Miteinander - Der Deutsch-Kasachische Businessclub
Kasachstan ist für Deutschland der wichtigste Handelspartner in Zentralasien. Der Deutsch-Kasachische Businessclub spielt deshalb eine besondere Rolle in den bilateralen Beziehungen. Die Businessplattform, die hauptsächlich die deutschstämmigen Unternehmer vereinigt, versteht sich als Interessenvertretung gegenüber den deutschen und kasachischen Behörden und Institutionen, als Unterstützer bei der Entwicklung von Geschäftsbeziehungen und Mentoringprogrammen und bei der Interaktion mit der Selbstorganisation der Deutschen Kasachstans.
Bücherreihe
Seit 2016 wird das Projekt „Bücherreihe über hervorragende Deutsche Kasachstans“ realisiert, wo in Form von fundierten Publikationen der Beitrag der bedeutenden Kasachstandeutschen in die Entwicklung des Landes und in die Aufbewahrung der deutschen ethnischen Gemeinschaft bekannt gegeben wird.

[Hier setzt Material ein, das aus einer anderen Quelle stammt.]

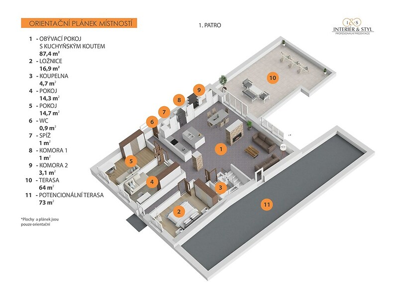 Hledáte dům, který nabízí víc než jen bydlení? Ve Velkém Přítočnu, pouhý kilometr od Kladna, se nachází prostorný rodinný dům, který spojuje komfortní rodinné zázemí, možnosti podnikání a odpočinek na soukromé zahradě. V obytné části domu najdete čtyři ložnice a dvě koupelny, přičemž jedna z ložnic je umístěna v přízemí – ideální volba pro hosty, seniory nebo pro ty, kdo chtějí mít pracovnu oddělenou od hlavního patra. Z této ložnice je navíc přímý vstup na zadní zahradu, což zajišťuje příjemné propojení interiéru s exteriérem. Dominantou interiéru je velký otevřený prostor obývacího pokoje, kuchyně a jídelny s centrálním krbem, který prostoru dodává jedinečnou atmosféru. Právě tady si lze představit klidné večery s rodinou nebo přáteli u praskajícího ohně. Z obytné části se vychází na dvě terasy, které přirozeně propojují interiér s exteriérem. Jednu z nich je možné upravit nebo přestavět na zimní zahradu – ideální místo pro celoroční odpočinek. Horní patro je navíc stavebně připravené i pro samostatný vstup na zadní zahradu, což umožňuje v budoucnu oddělit prostor pro vícegenerační bydlení nebo pronájem. Velkým benefitem je přízemí domu, které lze využít jako plnohodnotné zázemí pro podnikání, dílnu, sklad či garáž. Prostor pojme klidně šest až deset automobilů, ale díky dispozičnímu řešení může sloužit i jako kanceláře nebo showroom – ideální volba pro ty, kdo chtějí mít práci i domov pod jednou střechou. Zahrada nabízí příjemné soukromí a perfektní místo pro odpočinek. Najdete zde přírodní biotop i krytý bazén s protiproudem – kombinaci, která spojuje estetiku s funkčností a poskytuje ideální prostor pro relax po náročném dni. Fasáda domu zatím čeká na dokončení, což dává novému majiteli možnost vybrat si finální vzhled podle vlastního vkusu. S výběrem vhodné realizační firmy rádi pomůžeme. Okna jsou navíc připravena na instalaci venkovních rolet, které lze snadno doplnit podle individuálních preferencí. Velké Přítočno vyniká klidnou atmosférou a výbornou dostupností. Do centra Kladna se dostanete během několika minut, Praha je vzdálená přibližně dvacet minut jízdy. V obci nechybí základní občanská vybavenost, kavárna, bistro ani dobré dopravní spojení. Pokud hledáte dům, který dokáže spojit rodinné bydlení, podnikání i odpočinek, tahle nemovitost je ideální volbou.

Was empfinden Sie an sich selbst als „deutsch“ im täglichen Leben?
„In meiner Arbeitswelt spielt das Deutsche kaum eine Rolle, außer dass die Kollegen bestimmte Stereotypen haben. Im privaten Alltag wird versucht, die deutsche Sprache und Kochkultur weiterzugeben.“
Zeitzeuge, anonym, geb.1979, Almaty, Kasachstan
Presse als Brücke - Medienvielfalt
Die wöchentlich erscheinende Deutsche Allgemeine Zeitung (DAZ) ist die einzige deutschsprachige Zeitung in Kasachstan und Zentralasien. Sie erscheint in deutscher und russischer Sprache und kann auf eine treue Leserschaft unter den Kasachstandeutschen zählen.

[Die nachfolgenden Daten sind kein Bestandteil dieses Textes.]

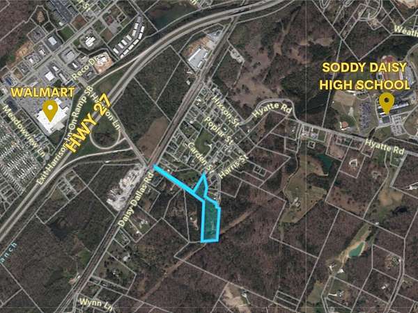 Five-acre parcel in Soddy-Daisy - private, versatile and ready for your plans. Located off Daisy Dallas Rd near Harrison Lane, the lot features flat to gently sloping terrain with large open areas ideal for animals, pasture, or future expansion. An on-site house is present but will require renovation or removal; water and electricity are connected. Septic condition is unknown. Zoned A-1 Agricultural. Property includes two sheds and two large propane tanks (any remaining fuel conveys). Perfect opportunity to create a private retreat or small farm.

Junges Radio - Podcast Workshop
Podcasts gelten als das neue Radio. In Kasachstan ist diese Form elektronischer Medien jedoch noch wenig verbreitet. Um dies zu ändern, fand im Mai 2017 in Almaty ein deutschsprachiger Podcast-Workshop für junge Menschen aus Zentralasien statt.
Gedenken - Deportation und Lager
Am 31. Mai wird landesweit der Opfer politischer Verfolgung und stalinistischen Terrors gedacht. Schätzungsweise 800.000 Menschen waren im kasachischen Gulag inhaftiert, darunter viele Deutsche.

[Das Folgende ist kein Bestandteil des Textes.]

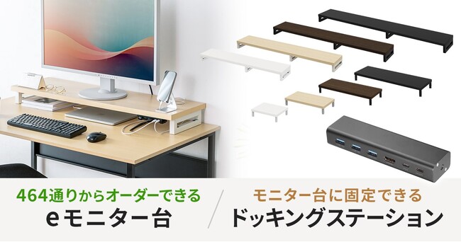 サンワサプライ株式会社(本社:岡山市北区田町1-10-1、代表取締役社長 山田和範)は、豊富なサイズ・仕様から選べる人気のeデスク・ラックシリーズに新たに机上で使える「eモニター台」を追加発売しました。

Ein Museum in Dolinka erinnert an das Arbeitslager Karlag, das Karagandiner Lager, im Gebiet Karaganda/Qaraghandy.
Weitere wichtige Erinnerungsorte sind Spasskij, wo sich ein Kriegsgefangenenlager befand, und Alzhir, ein Akronym für „Akmolinsker Lager für Frauen von Verrätern der Heimat“. Dort, mitten in der kasachischen Steppe, waren Frauen mit Kindern interniert.
Ein Gedenkstein auf dem Gelände des Deutschen Hauses in Almaty erinnert an jene Deutschen, die Opfer von Krieg, Vertreibung und Not wurden.
Am nationalen Gedenktag, dem 31. Mai, finden in den Gedenkstätten Veranstaltungen mit Jugendlichen und Zeitzeugen, die von ihren Erinnerungen an Deportation und Zwangsarbeit in der „Trudarmee“ erzählen, statt. Die Vereinigung der Deutschen führte landesweit zwei große Zeitzeugenprojekte durch mit dem Ziel, die Erinnerungen der Deportierten und Trudarmisten festzuhalten. Die Ergebnisse des ersten Projektes sind in dem Buch Aus den Erinnerungen der Zeitzeugen veröffentlicht worden.